With $(2)$, $H(z)$ can be rewritten as
$$H(z)=\frac12\frac{z^{-1}-z^{-2}}{(1-az^{-1})(1-bz^{-1})}=\frac{1}{2(b-a)}\left[\frac{(1-a)z^{-1}}{1-az^{-1}}-\frac{(1-b)z^{-1}}{1-bz^{-1}}\right]\tag{3}$$
This transfer function can have three possible regions of convergence (ROCs), each of them corresponding to a different impulse response:
$$\begin{align}(1)\quad &|z|>|b|>|a|\\ (2)\quad & |b|>|z|>|a|\\ (3)\quad & |b|>|a|>|z|\end{align}$$
ROC $(1)$ corresponds to a right-sided impulse response, ROC $(2)$ corresponds to a two-sided impulse response, and ROC $(3)$ corresponds to a left-sided sequence.

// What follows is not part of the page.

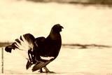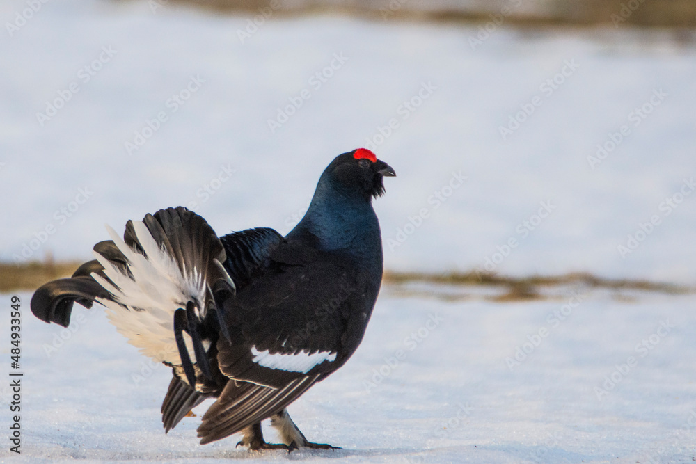Portrait of a lekking Black Grouse, Tetrao tetrix, in snowy landscape in Czech republic

Only ROC $(3)$ includes the unit circle $|z|=1$, so only the impulse response corresponding to this ROC results in a stable, yet anti-causal, system. The three impulse responses corresponding to the three ROCs given above are
$$\begin{align}(1)\quad & h_1[n]=\frac{1}{2(b-a)}\left((1-a)a^{n-1}-(1-b)b^{n-1}\right)u[n-1]\\ (2)\quad & h_2[n]=\frac{1}{2(b-a)}\left((1-a)a^{n-1}u[n-1]+(1-b)b^{n-1}u[-n]\right)\\ (3)\quad & h_3[n]=\frac{1}{2(b-a)}\left(-(1-a)a^{n-1}+(1-b)b^{n-1}\right)u[-n]\end{align}$$
These impulse responses describe three different systems, all of them characterized by the same transfer function given by Eq. $(3)$. $h_1[n]$ corresponds to a causal unstable system, $h_2[n]$ to a non-causal unstable system, and $h_3[n]$ to an anti-causal stable system.